Science has made a giant step towards finding the cure for muscular dystrophy, MIT researchers said yesterday.

At a press conference announcing the publication of results in the February 21 issue of Cell magazine, MIT scientist J. David Brook said that his team had located the gene that leads to the disease's most common form, myotonic dystrophy.

Currently, 30,000 Americans are afflicted with the hereditary disease, which causes muscles to waste away. Sufferers often die in their fifties and sixties of heart disease or respiratory failure.

The researchers found, through a process called gene mapping, that the repetition of a nucleotide sequence triplet, CTG, is the cause of the disease.
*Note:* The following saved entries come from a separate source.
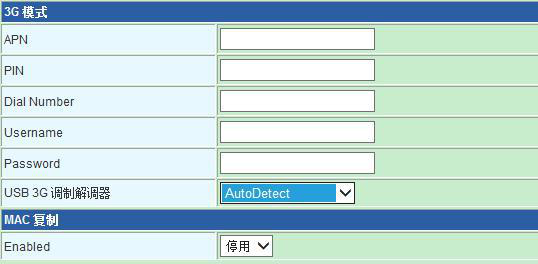 3)“广域连接模式”中选取连接至广域网络的方式有 ADSL、L2TP、PPTP、3G几种方式,在此重点介绍一下 3G 模式;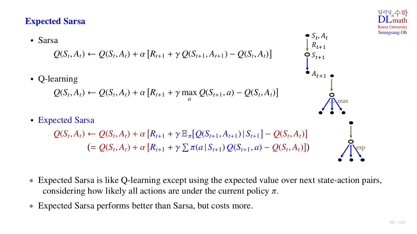 - Sarsa의 sample data만 고려한다는 한계를 극복한 Expected Sarsa에 대해 배웠다.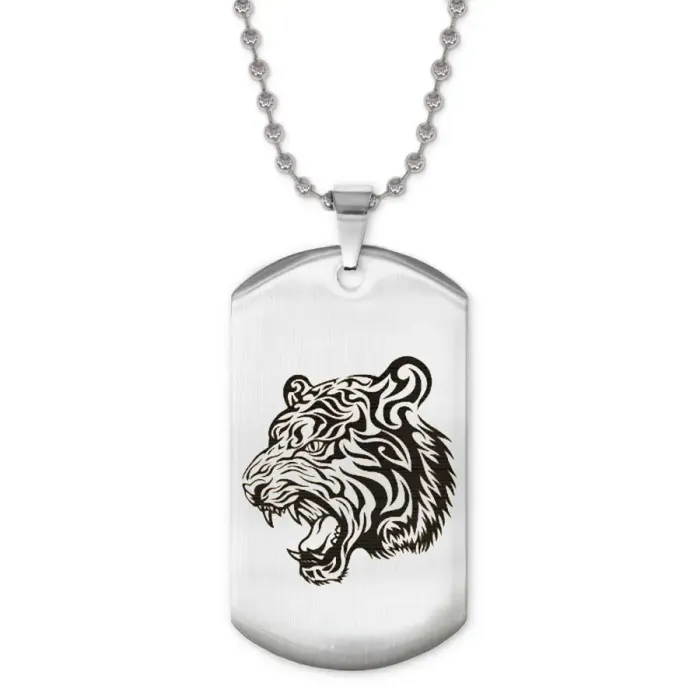 Сувенирный жетон на цепочке из нержавеющей стали с лазерной гравировкой изображения.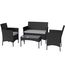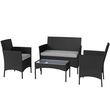 Ensemble salon de jardin 4 personnes 4 pièces résine tressée plateau verre trempé noir gris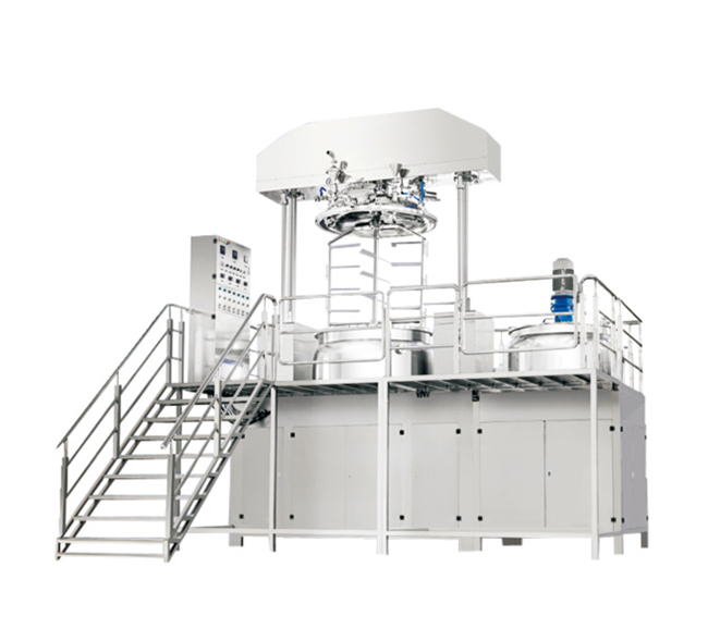 高剪切乳化機(jī)的物料微粒化、乳化、混合、調(diào)勻、分散等可于短時(shí)間內(nèi)完成。鍋內(nèi)物料通過均質(zhì)機(jī)的高速內(nèi)循環(huán)剪切混合乳化,相向雙攪拌,順時(shí)針框式刮壁攪拌,逆時(shí)針漿式攪拌,刮板攪拌器在運(yùn)轉(zhuǎn)時(shí)產(chǎn)生離心作用,使四氟刮板緊貼鍋壁,有效的解決了鍋壁沾料問題,不留死角,理想的變頻調(diào)速裝置可使其轉(zhuǎn)速任意無級(jí)調(diào)速。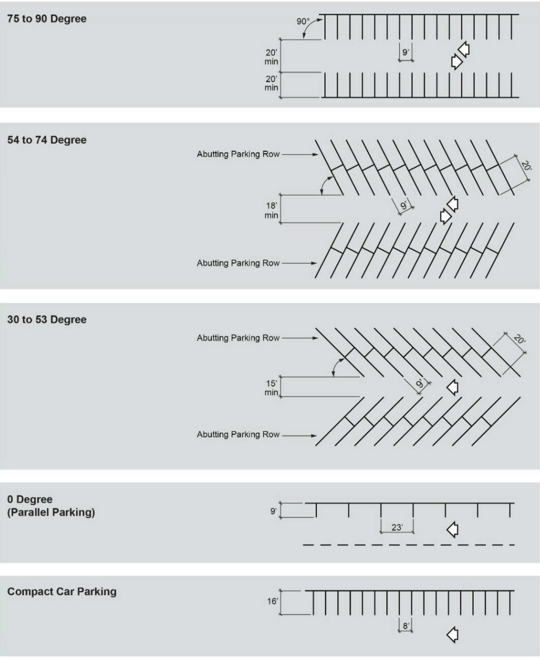Dimensions. Parking facilities must be in accord with the following dimensions. See table below for more detail.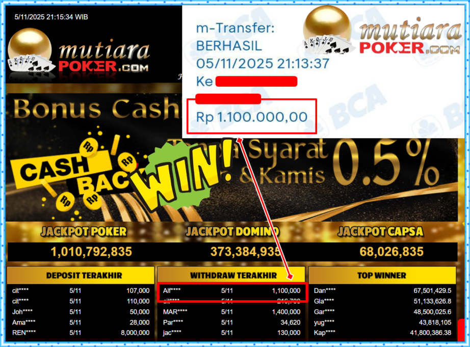 Bukti Withdraw ( 1,100,000,- ) Member Setia MutiaraPoker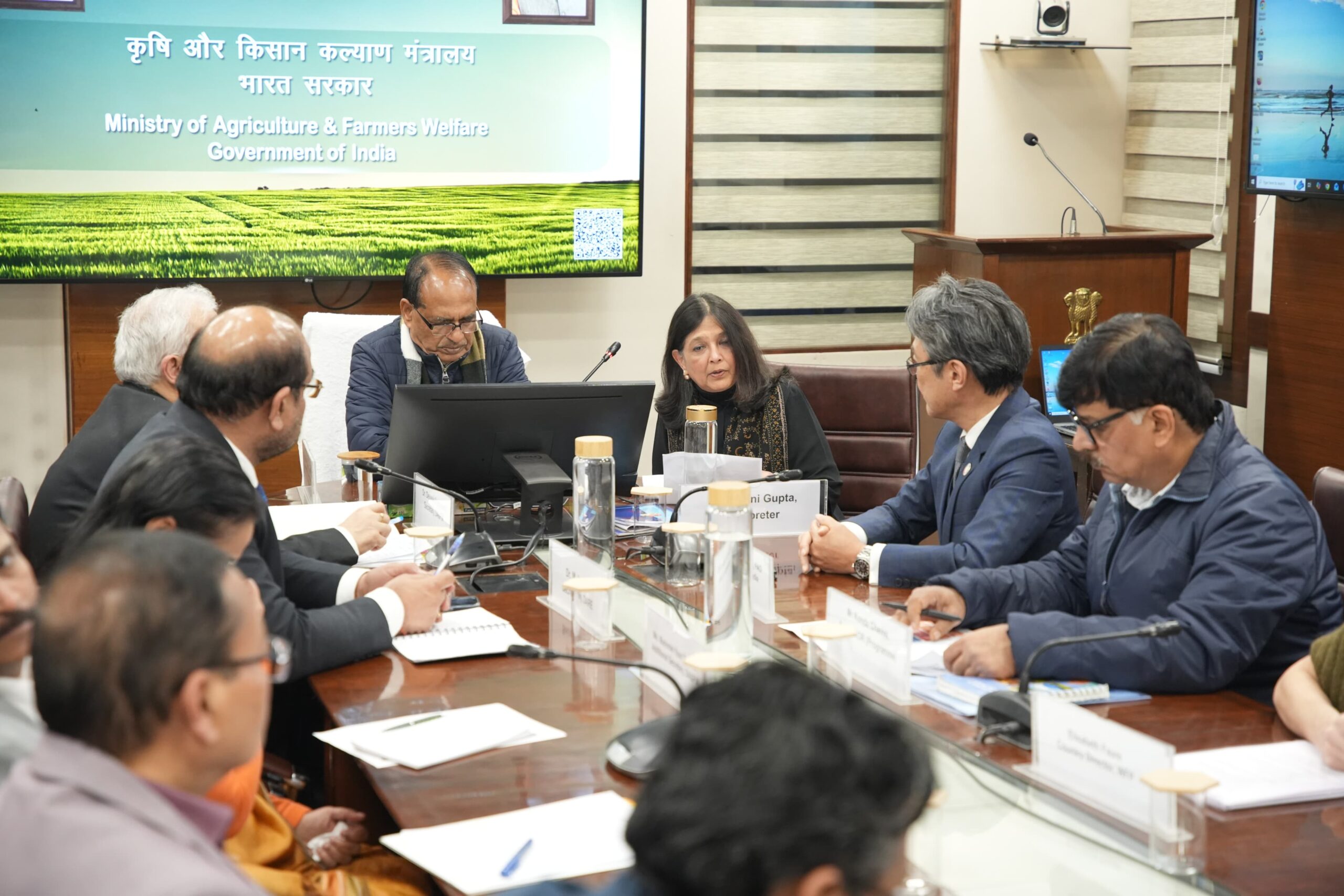 कृषि भवन में आज प्रमुख अंतरराष्ट्रीय और बहुपक्षीय विकास साझेदारों के साथ उच्चस्तरीय बैठक के बाद मीडिया से बातचीत में शिवराज सिंह ने बताया कि बजट पूर्व बैठकों के क्रम में अंतरराष्ट्रीय संस्थाओं के प्रतिनिधियों से सीधा संवाद किया जा रहा है। उन्होंने कहा कि भारत की कृषि यात्रा खाद्य-अभाव से वैश्विक खाद्य आपूर्ति में महत्वपूर्ण योगदानकर्ता बनने तक पहुंची है और प्रधानमंत्री नरेन्द्र मोदी के नेतृत्व में आज देश कई प्रमुख कृषि उत्पादों का निर्यातक बन चुका है। उन्होंने स्पष्ट किया कि भारत ने खाद्य सुरक्षा सुनिश्चित करने के बाद अब पोषण सुरक्षा और सतत आजीविका को अपनी प्राथमिकता बनाया है।

The sequence is present in most people, but researchers demonstrated that it is significantly more abundant in myotonic dystrophy sufferers.

Fifty repetitions are necessary for symptoms of the disease to arise, and an increase in the number of repetitions is reflected by an increase in the severity of the disease, scientists said.
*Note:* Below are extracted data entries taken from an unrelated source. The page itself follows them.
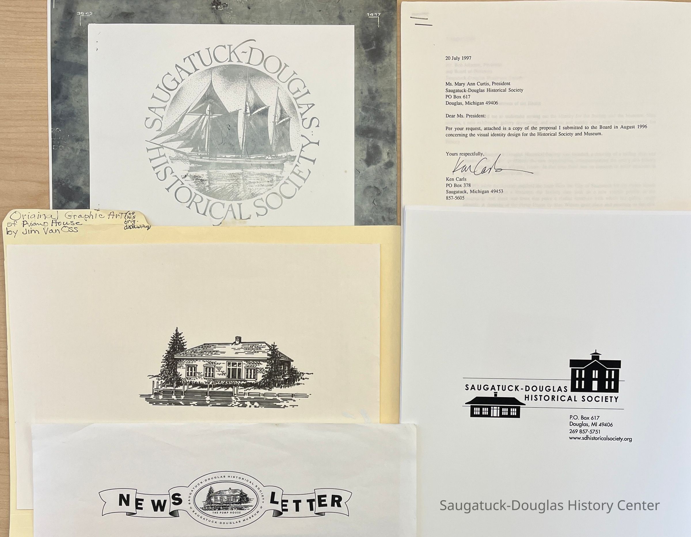 Early business records of the SDHS compiled by Michael Sweeney plus a collection of SDHS/C logo art including the original sailing ship logo, the Pump House logo by Jim Van Oss, the newsletter logo and various logos created by Ken Carls through the years.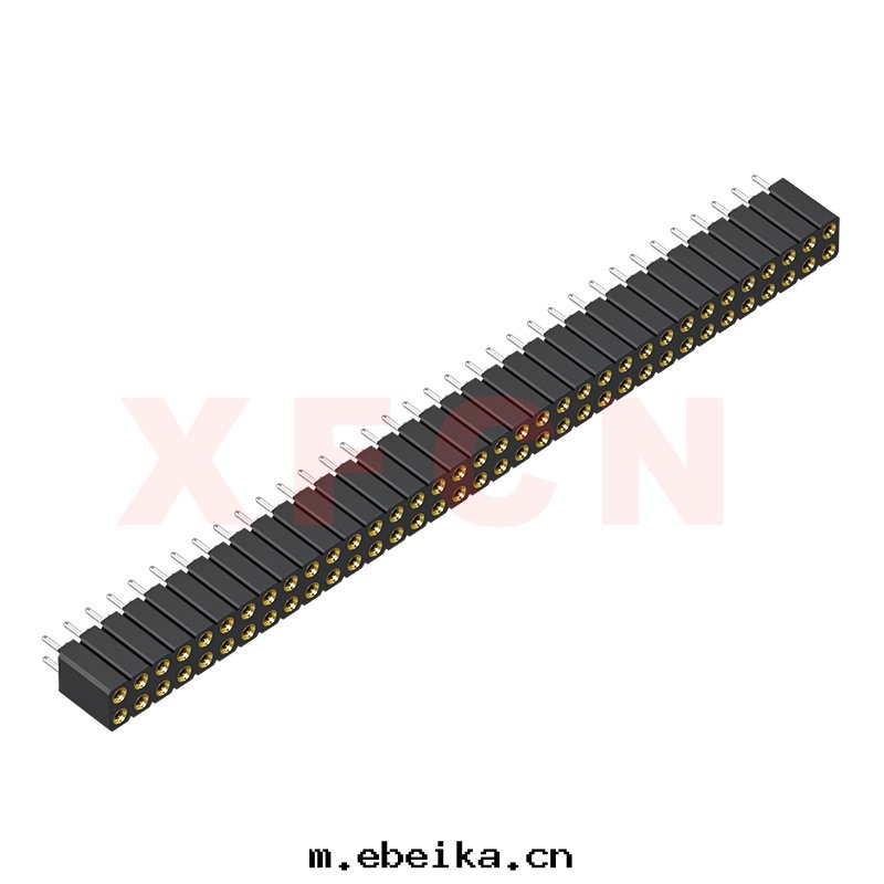 描述:圆(yuán)孔排母-2.54mm間(jiān)距,180°,DIP,70位,双(shuāng)排母座,H=7.0mm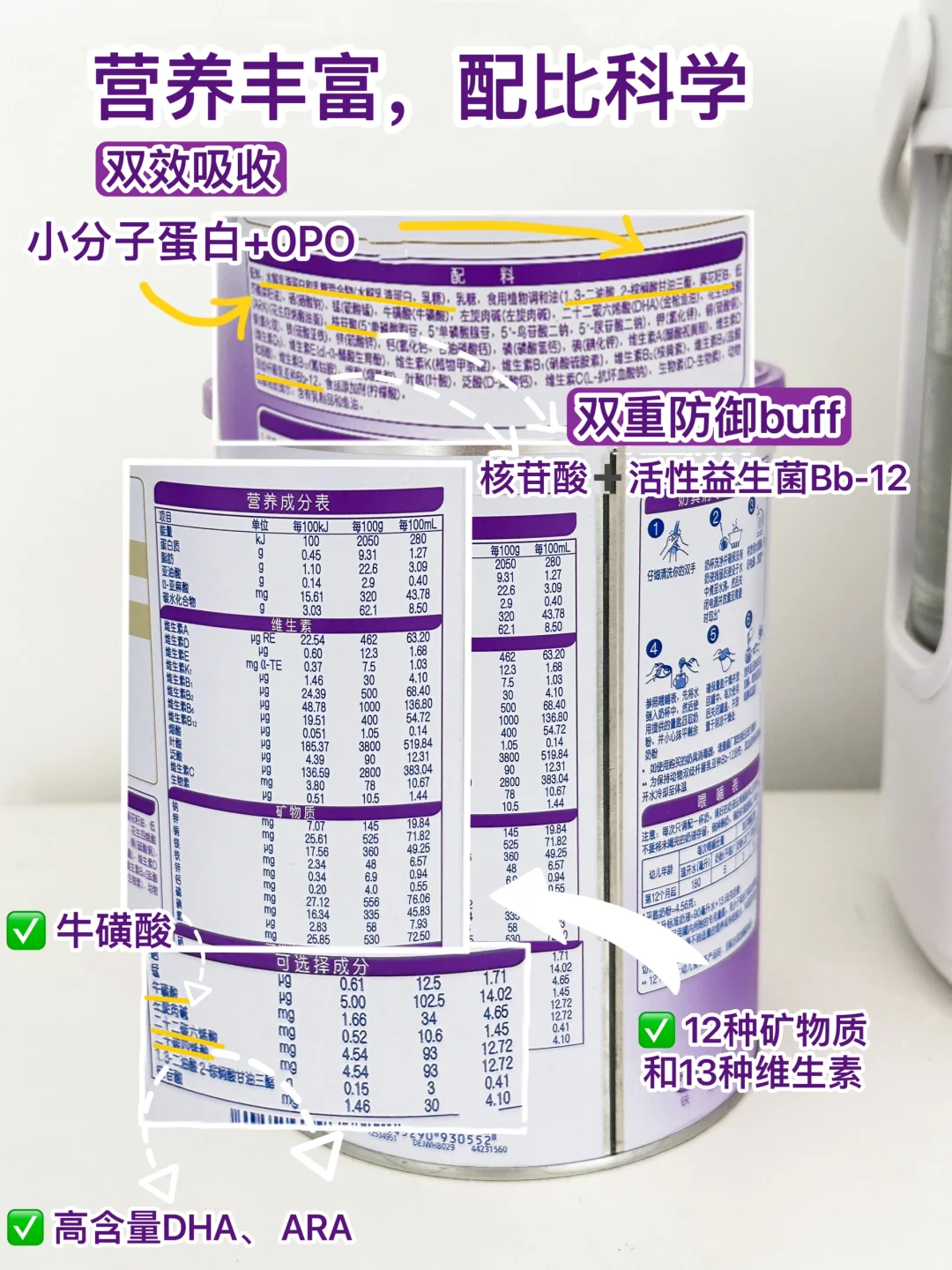 在助力宝宝肚肚更好吸收这方面更是直接封神,不仅有小分子蛋白,轻松hold住蛋白营养,更是加入了明星成分 OPO,促进关键营养吸收

The announcement was made by Brook and fellow researchers Richard T. Moxley, from the University of Rochester, Duncan J. Shaw, from the University of Wales College of Medicine, and Keith Johnson, from Charing Cross and Westminster Medical School.

A Cure May Be Possible

The discovery will eventually allow doctors to provide more useful genetic counseling and may even lead to a cure, said Moxley.

"Whenever you make a fundamental breakthrough like this, things which once seemed disparate suddenly gel together," Moxley said.

Muscular dystrophy sufferers yesterday said they are looking forward to the cure the discovery may bring.

Anne M. Crystal, who attended yesterday's conference, said she hopes the future will hold the cure for her severely affected two-and-a-half year old son. Crystal herself is mildly affected by the disease.

"He's only two," said McCrystal. "With the progress in the field now, maybe 10 years down the road they'll have the answer."

The research was partially funded by the Muscular Dystrophy Association. Brooks is a postdoctoral fellow in the laboratory of MIT professor David E. Housman, who announced earlier this month that muscular dystrophy was linked to an enlarged and unstable area of the same chromosome on which CTG appears.